Cualquier vestigio del grandioso copete de Berry –ese que le dio derecho a jactarse entre peluqueros y estilistas–, había desaparecido. En su lugar, un sombrero de capitán, ‘Capi’, escondía ese pelo fino y delgado que solo la vejez sabe regalar. El sombrero cumplía las veces de cetro, de símbolo único que le daba a Chuck su merecido lugar como capitán del rock & roll. La camisa morada de lentejuelas que adornaba su pecho (porque era él quien adornaba la camisa y no viceversa), indicaba una vida de entretenimiento y espectáculo; una vida que muchas veces no tuvo, pero que realmente quería. Aun así, Berry siempre ha sido un correcaminos, y sus canciones forman una especie de arsenal ACME que le permiten quemar gasolina y mantener prendido un fuego tenue que, ahora, a sus 83 años, todavía arde.

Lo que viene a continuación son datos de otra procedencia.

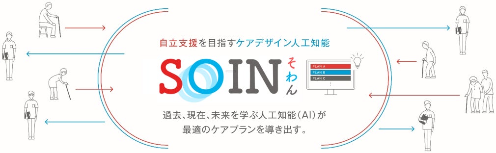 『SOIN』は、AIが学習した自立支援の事例を含む膨大なデータをもとに、現在の高齢者と状態像が近い過去の高齢者の事例を抽出し、要介護状態の維持または改善に寄与するケアプランの提案を行います。ケアマネジャーはAIから提案されたプランや将来の状態予測を参照しながら、自身が作成したケアプランと比較し、より質の高いケアプランを作成することができます。また、「生成系AI活用機能」「適切なケアマネジメント手法への対応機能」等でケアマネジャー業務の支援機能を更に強化しております。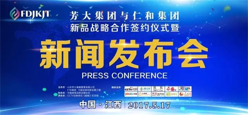 2017年5月17日,芳大集团与仁和集团的新品战略合作签约仪式暨新闻发布会在江西省宜春樟树市仁和集团会议室隆重举行。芳大集团董事长、FD团队创始人吴小芳女士、仁和集团副总裁兼仁和堂总经理刘英女士、中国品牌创新发展工程副秘书长耿德亚先生、芳大集团运营总监杜莹贤先生、仁和堂副总经理柯敏超先生,仁和堂品牌总监李欣女士,仁和堂推广总监李琴女士以及近二百名FD团队高层出席了本次活动。央视网、人民网、新华网、腾讯网、搜狐、中国网、优酷、土豆、网易、爱奇艺等数十家媒体对本次活动予以支持.

La simplicidad de sus canciones y sus letras –crudas y sin adulteración– hacen que la música suene repetitiva, pero aun así, el rock & roll fue creado bajo esos mismos principios: sencillez, repetición, ataque frontal. Las canciones de Chuck nunca se desmoronan, al contrario, van-van-van. Golpe tras golpe, les hablan a los jóvenes de cuerpo y de corazón, a los que tienen sueños y preocupaciones que trascienden las fronteras de su casa y buscan refugio en esa tierra medio rara, llamada dizque imaginación.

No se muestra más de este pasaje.